A struggling lake #2

The LBT Association and Bent Tree Country Club have reached a tentative agreement to work together to manage the 6th hole pond in 2021 - 2022. 

It is agreed by all involved - LBT owners, club members, club management, LBT board, club board,  - that the condition of the 6th hole pond was intolerable from June to August this year. All articles on this topic are located here.

Long term plan: According to the dredging company, the pond has 3-6 ft of biological material sitting on the pond bottom that is growing each year and increasingly shallowing the pond - in some areas to to less than 1 foot. As the ponds becomes shallower each year, it increases the propagation of bushy pond weed and algae as the pond bottom is warmer, gets more oxygen, and more sunlight. Since 2014 the club has talked to LBT about dredging the shallow areas but it is a significant expense and the club has had higher priorities (i.e. building a new club house). It is believed that the Bent Tree Country Club board is closer to approving a dredging plan than it has been in the past and its possible this dredging could happen in the next 1-3 years. Dredging is necessary and the club will eventually make this investment. 

The photo to the left is the water testing that was conducted on September 2nd. 

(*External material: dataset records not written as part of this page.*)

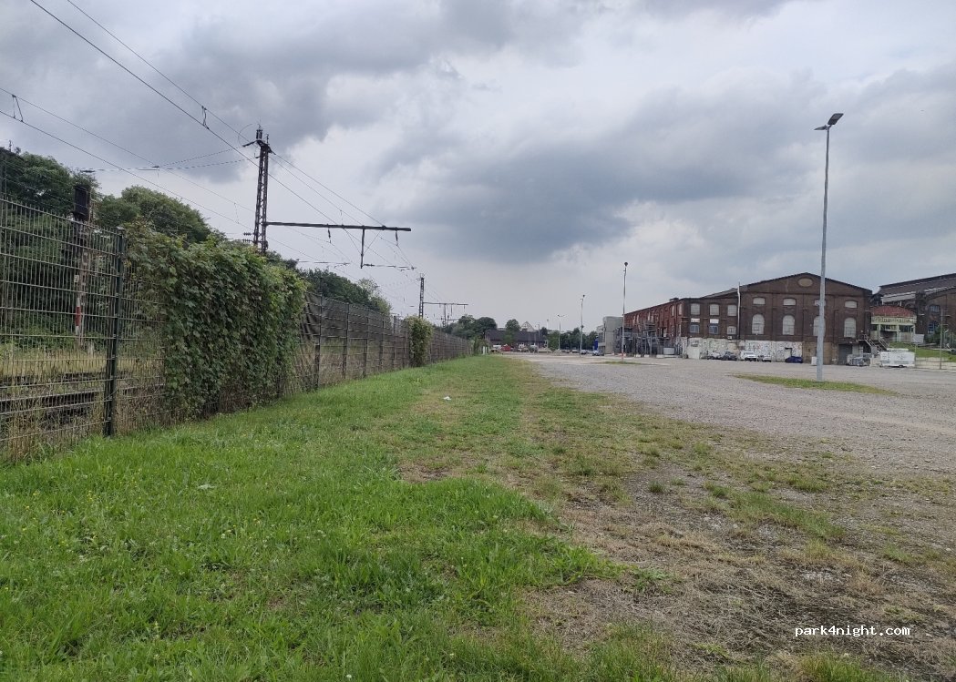 In het weekend is deze plaats niet kostenlos. Tijdens ons bezoek moesten we 5€ betalen en was er een flinke rave gaande van 21 tot 8 uur de volgende ochtend. De parkeerplaats is van een fabriekshal / loods discotheek/ club. In het weekend dus veel overlast van jongeren, alcohol en drugs gebruik, alsmede van de harde muziek. Doordeweeks kan dit een rustige plek zijn, gezien het afgelegen ligt.
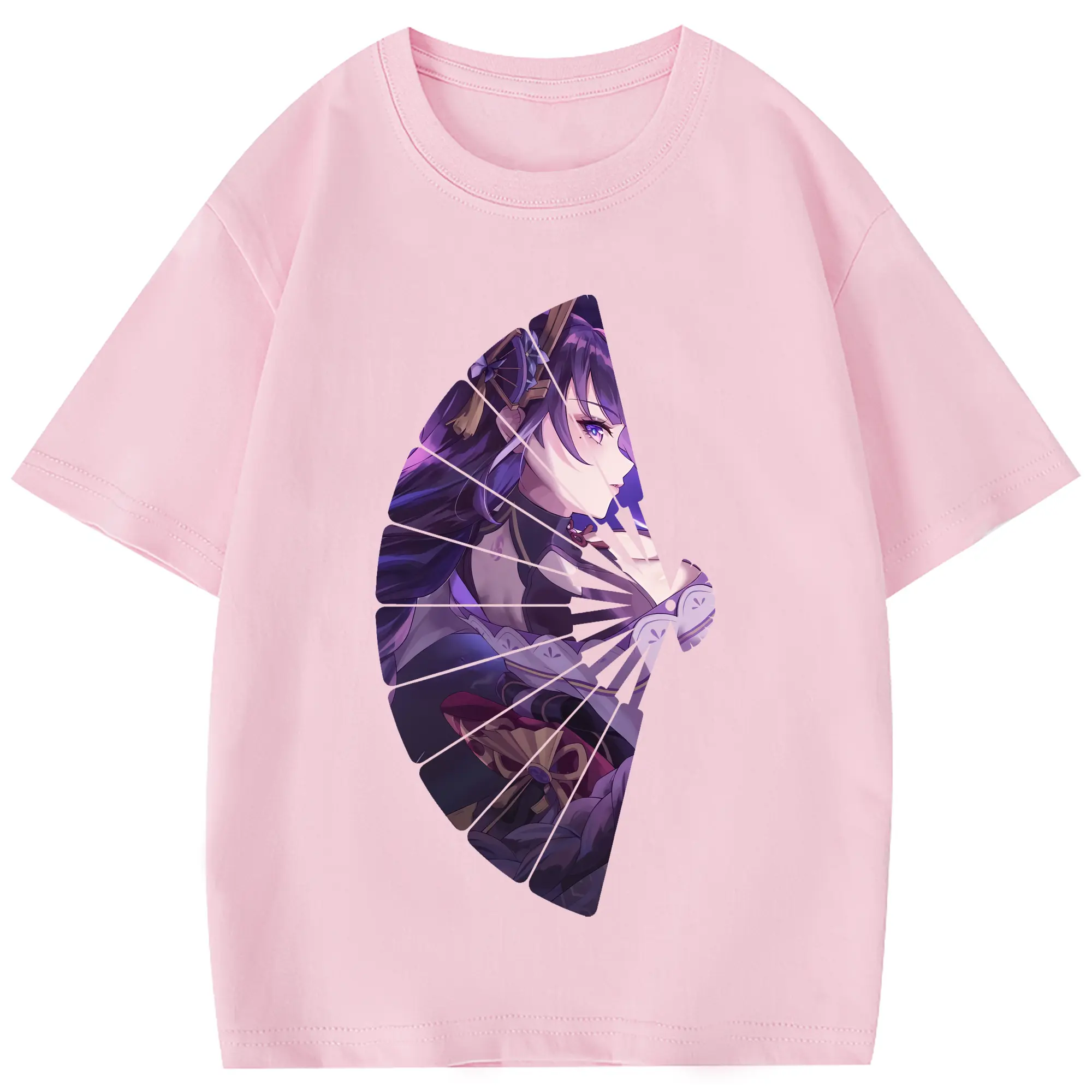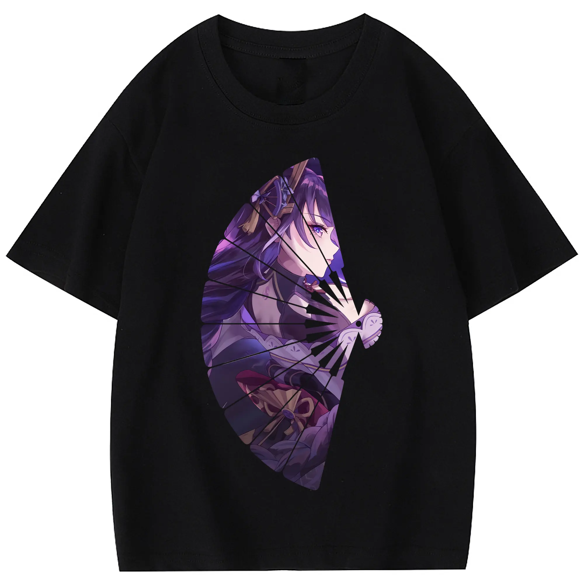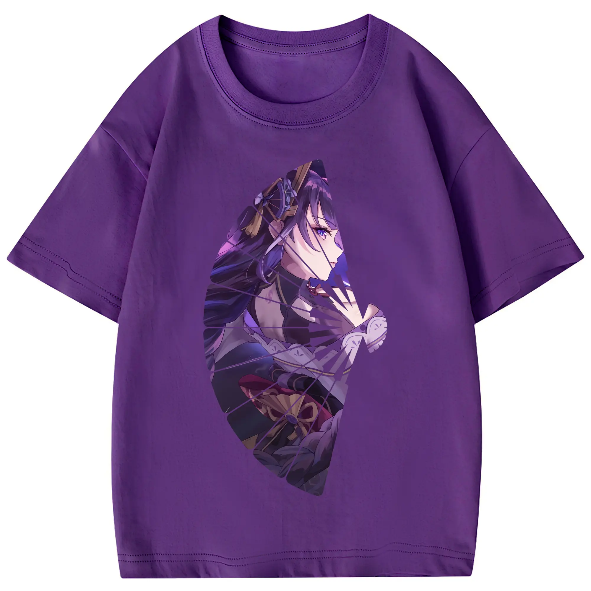 原 神 グッズ 雷電将軍 - 綿100% 半袖Tシャツ ・ フロントプリント ・ 快適 通気性 ・ 日常使い 散歩 スポーツ用
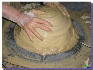 拉坏開始~~在拉坏的中途老爸會撥灑一些水到陶土裡,以方便拉坏‧‧‧~~請接續看【老爸_餅缸手拉坏-下半部(三)...

Interim plan: We successfully made the case that continuing on the current pathway and waiting until the pond is dredged was not reasonable for the owners at LBT. An interim plan is needed and this is something we agreed to co-fund. In a meeting with a principal from Magnolia Fisheries/Lonestar Fountains we learned that the key to keeping the pond looking good is a consistent, year around effort that reduces the growing conditions for algae. Waiting until the pond is covered in algae and then trying to spray it away is not a effective. A more robust approach is to consistently and methodically reduce the growing conditions early in the algae annual growth cycle. 

Using a systemic aquatic herbicide (SAH). Bushy pond weed supports the growth of algae. SAH will kill all the living bushy pond weed. This needs to be done when the weed comes out of its dormancy in late spring. While the herbicide kills all of the living weed, it does not kill the seeds. Over time, however, consistent treatment will result in a reduction of seed production and increasingly suppress weed growth in the pond.

Dying the water: Coloring the water will limit the amount of sunlight reaching the bottom, thereby reducing the photosynthesis where the algae and bushy pond weed initiate. This will be an ongoing effort as the dye will be diluted to some extent after every major rainstorm and as some dye runs over the dam.

Using a phosphate inhibitor: Phoslock is a chemical that binds to phosphorus, the key ingredient in fertilizer that washes from the golf course into the pond and fertilizes aquatic plant growth. Reducing the phosphorus will reduce aquatic growth. A target phosphorus level can be maintained through the growing season. This will be an ongoing process as the phosphorus increases every time there are significant rains.

Algae herbicide: The above tactics will reduce but not fully eliminate algae. Algae herbicide will used late in the season to manage the algae that is does manage to grow.

Tilapia: Tilapia is an algae eater and can be stocked each year (they die off in the winter). This is an opportunity, but one problem is that bass eat Tilapia and there is a significant bass population in the 6th hole pond. It was suggested that we may want to encourage the local fishermen to not release the bass back into the 6th hole pond after a catch.

Mechanical aeration or surface turbulence: We are still investigating the possibility of devices air and agitation.

Beneficial bacteria: We are still investigating introducing beneficial bacteria to decompose organic matter and deepen the pond. 

All of the above tactics are safe for the current wildlife. Unfortunately, the organic options are limited at this stage of the eutrophication of the pond is advanced. Dredging is necessary to re-balance the ecosystem. 

Special thanks to Dennis Bellotto, Casey Bergen, Brad and Mary Louise Binning, Major Robert Ponte', Bill and Sheryl Rogers, Laura Samford, Suzanne Scott, and Jeff Steele for their help in this effort.